A VIN (vehicle identification number) is a string of 17 characters that uniquely identifies a car or motorcycle. These numbers are used around the world and have three standardized formats: one for North America, one for the EU, and one for the rest of the world.
Letters that resemble digits
The characters used in a VIN are digits and capital letters. The letters I, O, and Q are not used to avoid confusion with the numerals 0, 1, and 9. So if you’re not sure whether a character is a digit or a letter, it’s probably a digit.
It would have been better to exclude S than Q. A lower case q looks sorta like a 9, but VINs use capital letters, and an S looks like a 5.
The various parts of a VIN have particular meanings, as documented in the Wikipedia article on VINs. I want to focus on just the check sum, a character whose purpose is to help detect errors in the other characters.
Of the three standards for VINs, only the North American one requires a check sum. The check sum is in the middle of the VIN, the 9th character.
The scheme for computing the check sum is both complicated and weak. The end result is either a digit or an X. There are 33 possibilities for each character (10 digits + 23 letters) and 11 possibilities for a check sum, so the check sum cannot possibly detect all changes to even a single character.

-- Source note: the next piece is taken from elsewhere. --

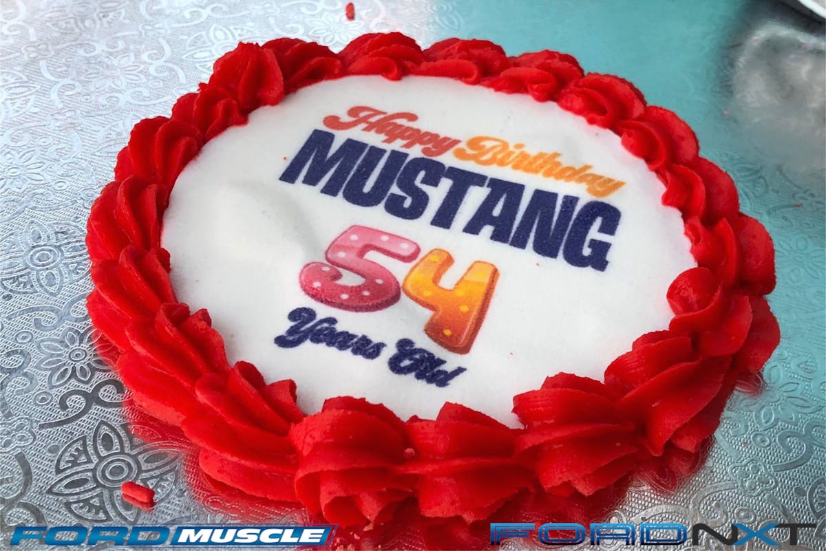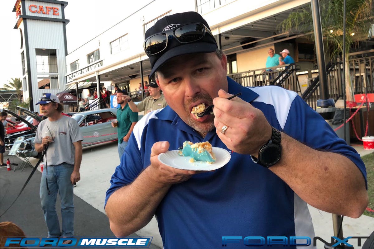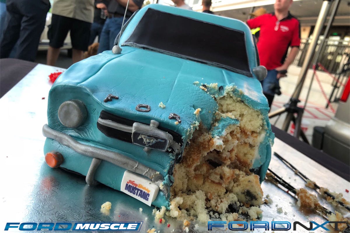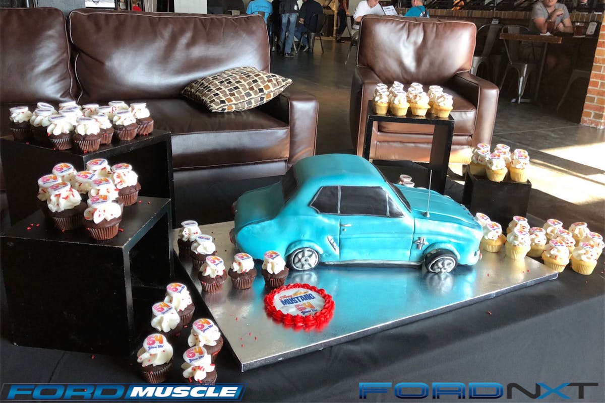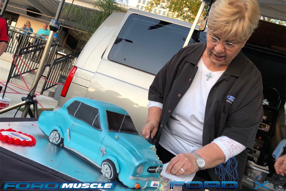 Rick Schmidt of National Parts Depot cut the first slice of the Mustang birthday cake from Jillycakes, and former Mustang Times editor, Mary Jean Wesche served it up to the Mustang fans in attendance.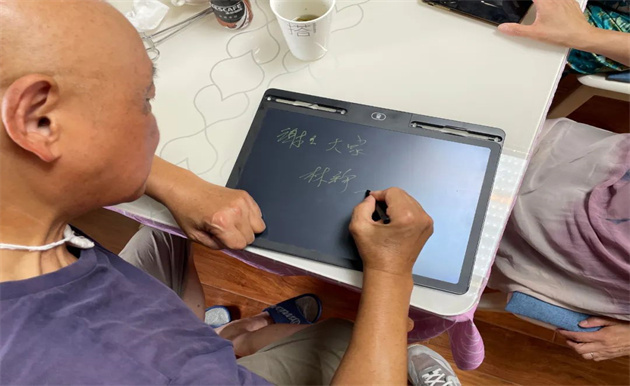 出院后,刚恢复体力的林铮首先想到的就是回到合唱团排练。为了方便交流,每次排练他都随身带着写字板。“写字板一直需要擦写,也挺费力。”朱丽娜看在眼里、急在心里,她在手机上搜索,看到电子喉发声器适用于喉管切除患者,立即下了单。装上电子喉,林铮又可以说话了,但音色上和原来有了很大不同。起初,大家还不能完全听清林铮的发音,经过一段时间磨合,如今的他已经可以和大家正常交流了。琴声、歌声、笑声又重新回到了“同福秋之声”合唱团。

The check sum is computed by first converting all letters to digits, computing a weighted sum of the 17 digits, and taking the remainder by 11. The weights for the 17 characters are
8, 7, 6, 5, 4, 3, 2, 10, 0, 9, 8 ,7 ,6, 5, 4, 3, 2
I don’t see any reason for these weights other than that adjacent weights are different, which is enough to detect transposition of consecutive digits (and characters might not be digits). Maybe the process was deliberately complicated in an attempt to provide a little security by obscurity.
There’s an interesting historical quirk in how the letters are converted to digits: each letter is mapped to a digit with in a somewhat complicated way. More on that here. It has to so with gaps in the EBCDIC values of letters. Letters are not mapped to their EBCDIC values per se, but there are jumps that are explained by corresponding jumps in EBCDIC.
EBCDIC?! Why not ASCII? Both EBCDIC and ASCII go back to 1963. VINs date back to 1954 in the US but were standardized in 1981. Presumably the check sum algorithm using EBCDIC digits became a de facto standard before ASCII was ubiquitous.
A better check sum
Any error detection scheme that uses 11 characters to detect changes in 33 characters is necessarily weak.
A much better approach would be to use a slight variation on the check sum algorithm Douglas Crockford recommended for base 32 encoding described here. Crockford says to take a string of characters from an alphabet of 32 characters, interpret it as a base 32 number, and take the remainder by 37 as the check sum. The same algorithm would work for an alphabet of 33 characters. All that matters is that the number of possible characters is less than 37.
Since the check sum is a number between 0 and 36 inclusive, you need 37 characters to represent it. Crockford recommended using the symbols *, ~, $, =, and U for extra symbols in his base 32 system. His system didn’t use U, and VIN numbers do. But we only need four more characters, so we could use *, ~, $, and =.
The drawback to this system is that it requires four new symbols. The advantage is that any change to a single character would be detected, as would any transposition of adjacent characters. This is proved here.